**The problem**
Exact copy, no pictures: return only the lines below from the line with "A perfect saddle" up to and including the line with "Наши новости! 21".

**Entries provided**
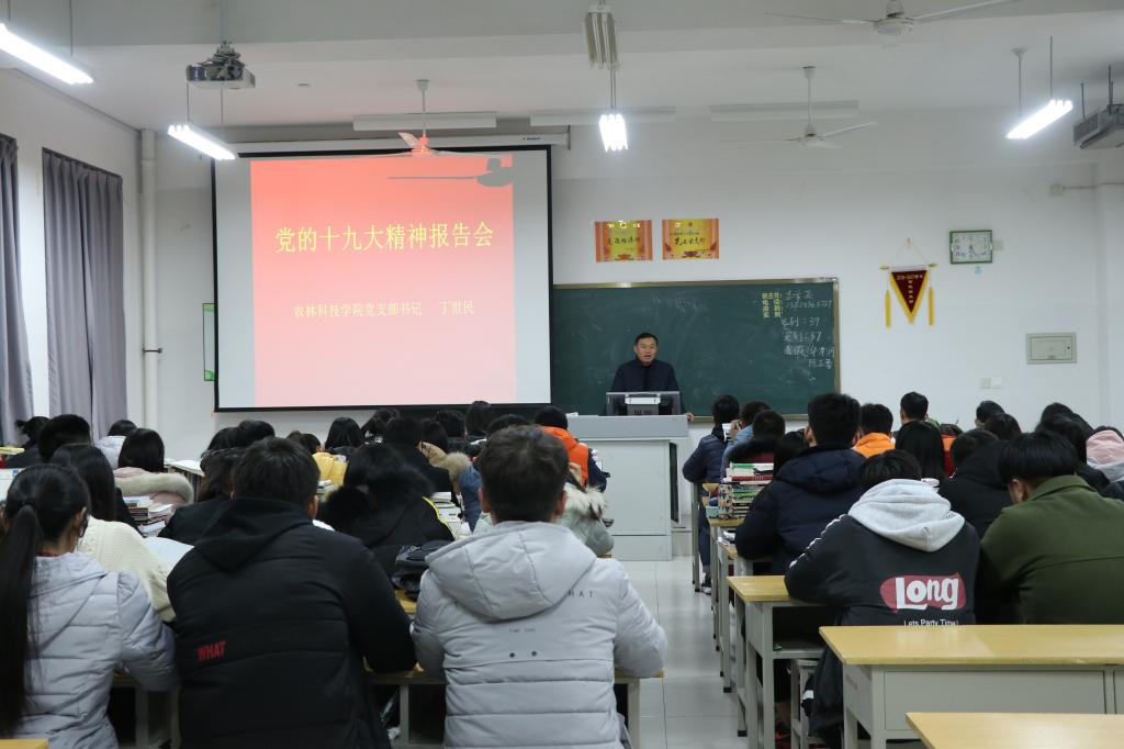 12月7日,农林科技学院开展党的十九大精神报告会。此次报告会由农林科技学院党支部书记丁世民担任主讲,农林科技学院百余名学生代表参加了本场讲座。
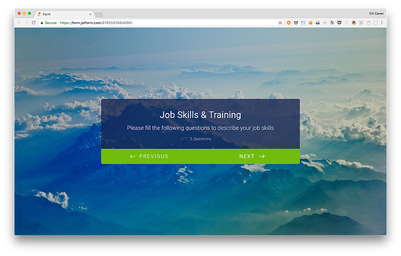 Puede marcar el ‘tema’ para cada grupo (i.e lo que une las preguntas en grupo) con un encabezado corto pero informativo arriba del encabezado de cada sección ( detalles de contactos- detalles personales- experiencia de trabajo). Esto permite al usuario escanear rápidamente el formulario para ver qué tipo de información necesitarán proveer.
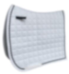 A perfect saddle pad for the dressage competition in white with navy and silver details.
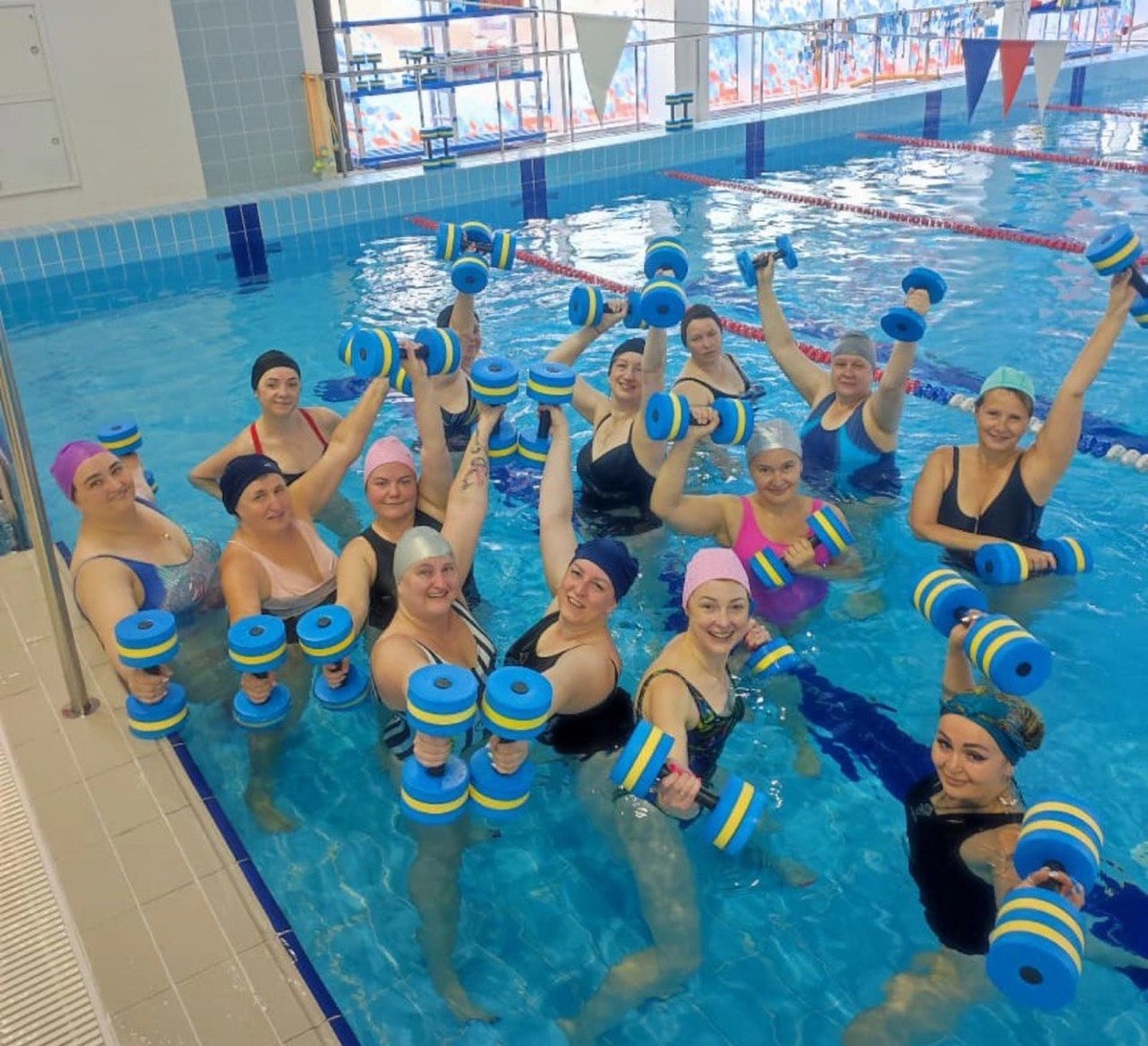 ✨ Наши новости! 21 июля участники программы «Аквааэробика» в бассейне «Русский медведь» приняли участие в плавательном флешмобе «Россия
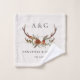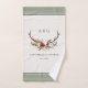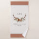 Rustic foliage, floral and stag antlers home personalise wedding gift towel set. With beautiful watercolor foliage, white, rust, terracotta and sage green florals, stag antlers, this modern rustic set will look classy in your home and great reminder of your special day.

...

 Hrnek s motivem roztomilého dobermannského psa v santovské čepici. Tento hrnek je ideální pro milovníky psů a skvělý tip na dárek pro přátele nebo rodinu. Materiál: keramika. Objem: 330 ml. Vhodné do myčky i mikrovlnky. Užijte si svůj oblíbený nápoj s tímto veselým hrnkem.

...

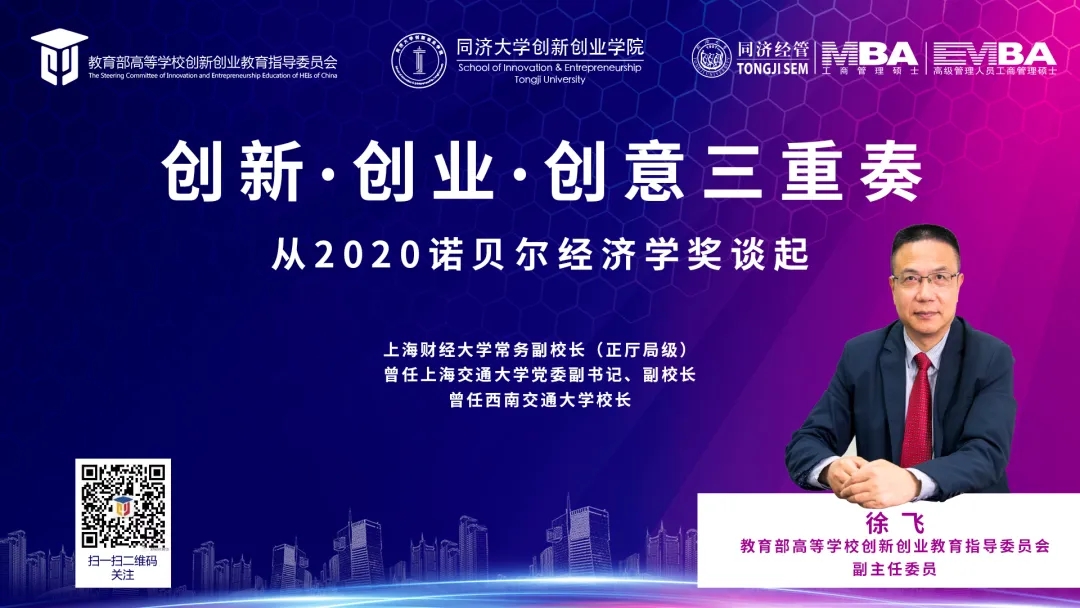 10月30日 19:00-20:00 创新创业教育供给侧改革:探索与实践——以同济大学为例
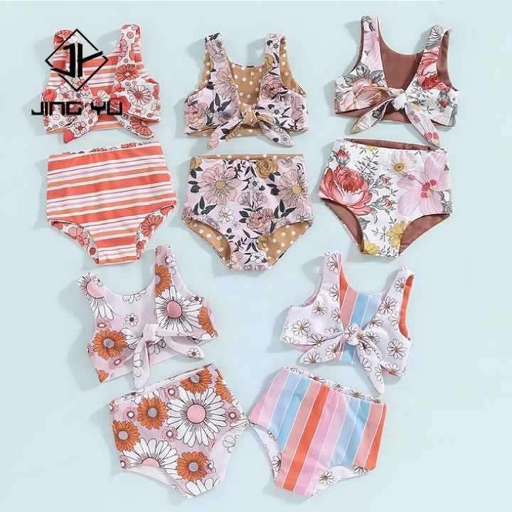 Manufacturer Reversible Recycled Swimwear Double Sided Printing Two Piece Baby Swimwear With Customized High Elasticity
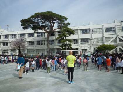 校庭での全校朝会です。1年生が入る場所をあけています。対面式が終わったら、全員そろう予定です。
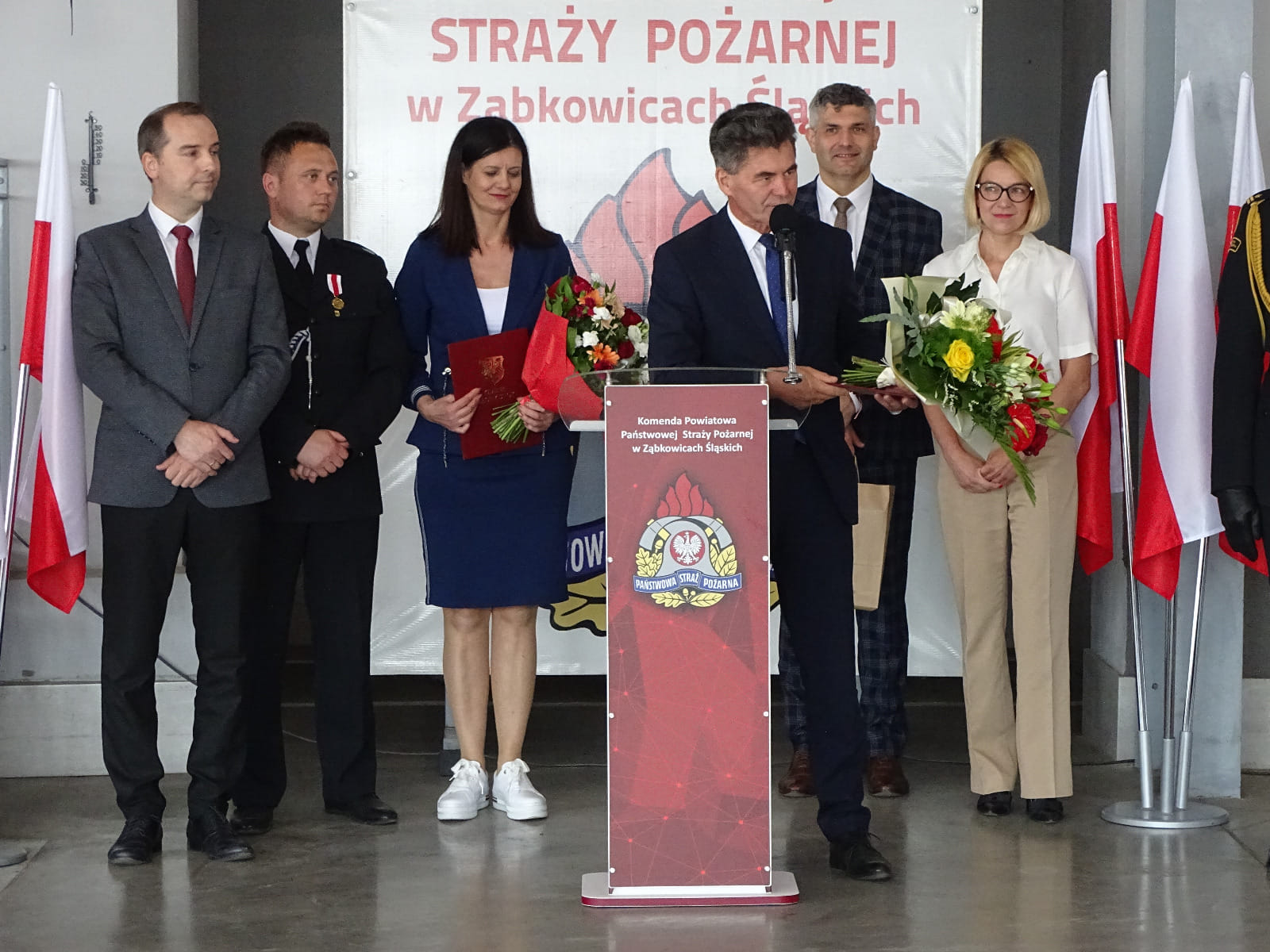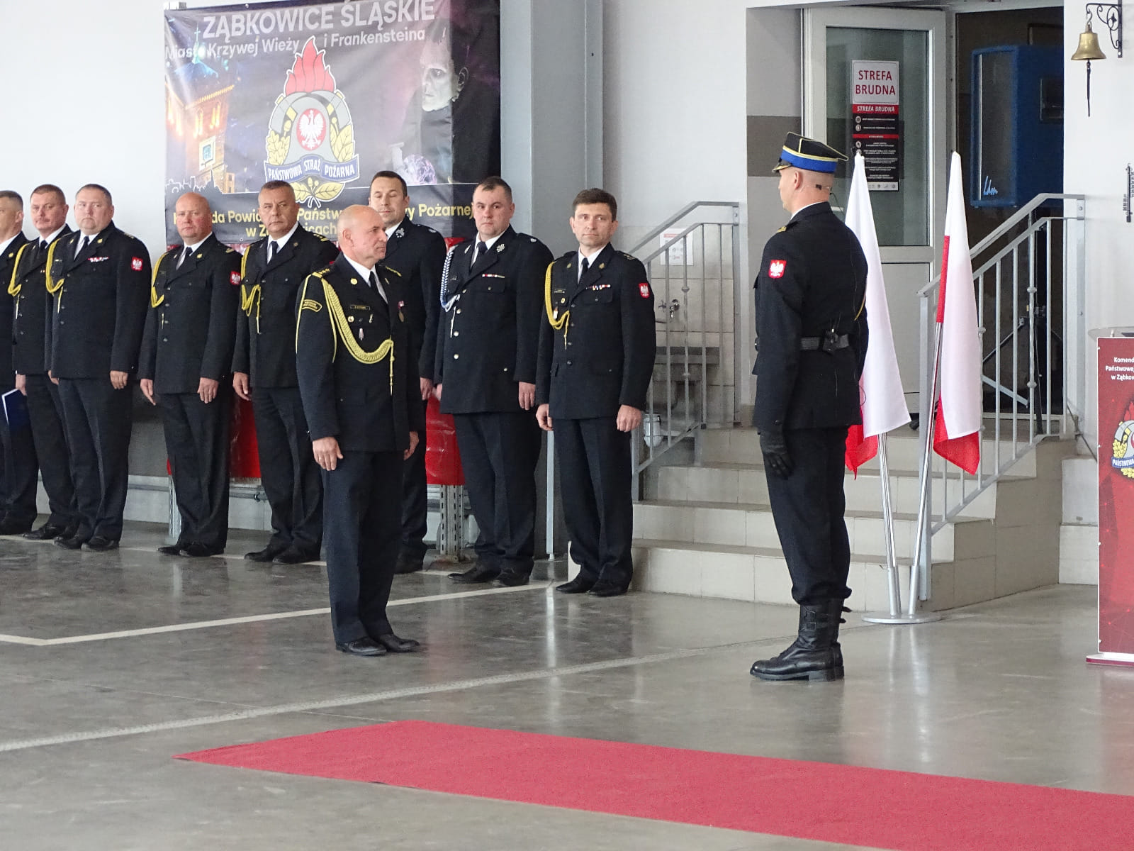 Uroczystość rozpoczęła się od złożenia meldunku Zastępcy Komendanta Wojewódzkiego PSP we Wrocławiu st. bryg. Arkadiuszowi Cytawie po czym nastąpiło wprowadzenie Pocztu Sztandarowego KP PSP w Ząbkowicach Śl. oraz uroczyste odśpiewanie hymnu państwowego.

**Answer to this problem**
 A perfect saddle pad for the dressage competition in white with navy and silver details.
 ✨ Наши новости! 21 июля участники программы «Аквааэробика» в бассейне «Русский медведь» приняли участие в плавательном флешмобе «Россия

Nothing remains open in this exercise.